The alternative is that we will allow all chromosomes of the population the chance of being selected as a parent. But with that said, the chance should not be uniform. Rather we will give the chromosomes that have a shorter route a higher chance for reproduction. This will combine the strength of promoting overall shorter distance in the population, while still maintaining diversity to avoid the problem of lock-in.

defmodule TSP do
  # Data: a list of cities with coordinates
  @cities [
    %{x: 10, y: 20},
    %{x: 5, y: 15},
    %{x: 12, y: 1},
    %{x: 20, y: 10},
    %{x: 7, y: 14},
    %{x: 15, y: 3},
    %{x: 15, y: 12},
    %{x: 15, y: 10},
    %{x: 20, y: 8},
    %{x: 2, y: 14},
    %{x: 3, y: 11},
    %{x: 14, y: 7},
    %{x: 5, y: 11},
    %{x: 5, y: 23},
    %{x: 20, y: 23},
    %{x: 7, y: 23},
    %{x: 16, y: 12},
    %{x: 25, y: 12}
  ]

  def initialize_population(population_size) do
    chromosome_template = Enum.to_list(0..(Enum.count(@cities) - 1))

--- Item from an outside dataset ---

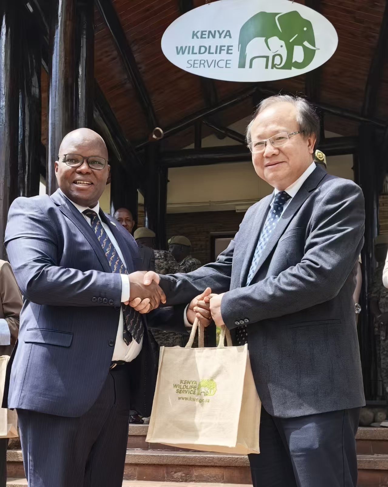 王青锋主任与KWS 局长Erustus Kanga博士(左)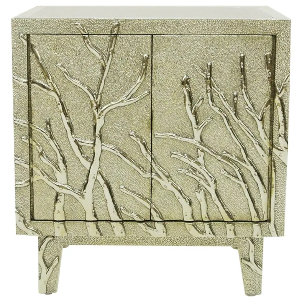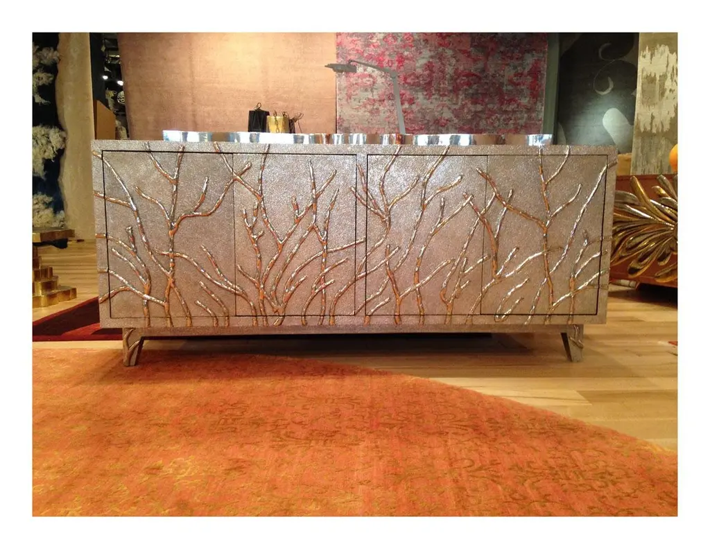 Inspired by the twig used in the paintings of palaces of Rajasthan. One of the best selling pieces of Stephanie Odegard collection. This elegant piece is hand made from solid teak which is joined to form the clean and elegant outline. The front is entirely sculpted out of a solid piece of wood by hand, then covered with metal sheeting. The available options for metal cladding are brass, white bronze, antiqued bronze, silver and copper. Both silver and copper will tarnish over time. Regular non-abrasive household metal polishes can be used to restore the original finish. Twig CredenzaSize- 24" x 18" x 28" H.Materials - Brass, Teak, Cast, Hand-CraftedPlease note that moisture in air, sudden change in temperature and natural movement of wood over time causes the metal to wrinkle or bubble up. We use well seasoned, reclaimed teak and high quality marine grade MDF (wherever technically possible) to avoid and delay the above mentioned changes. However a perfect stability of metal cannot be guaranteed.Buyer Cancellation-The cancellation charge is 25% which increases to 50% if the production is started.Prices do not include shipping from India (for custom orders) or our MN warehouse (items from stock). That will be additional.

    Enum.map(1..population_size, fn _ -> Enum.shuffle(chromosome_template) end)
  end

  # Calculate the distance between two cities 
  def distance(%{x: x1, y: y1}, %{x: x2, y: y2}) do
    # Using 2D Euclidean distance
    dx = abs(x1 - x2)
    dy = abs(y1 - y2)

    (dx ** 2 + dy ** 2)
    |> :math.sqrt()
  end

  def distances([first, second | []]) do
    city1 = Enum.at(@cities, first)
    city2 = Enum.at(@cities, second)

    distance(city1, city2)
  end

  def distances([first, second | tail]) do
    city1 = Enum.at(@cities, first)
    city2 = Enum.at(@cities, second)

    distance(city1, city2) + distances([second | tail])
  end

  def fitness_function(chromosome) do
    last_to_first_elements = Enum.take(chromosome, 1) ++ Enum.take(chromosome, -1)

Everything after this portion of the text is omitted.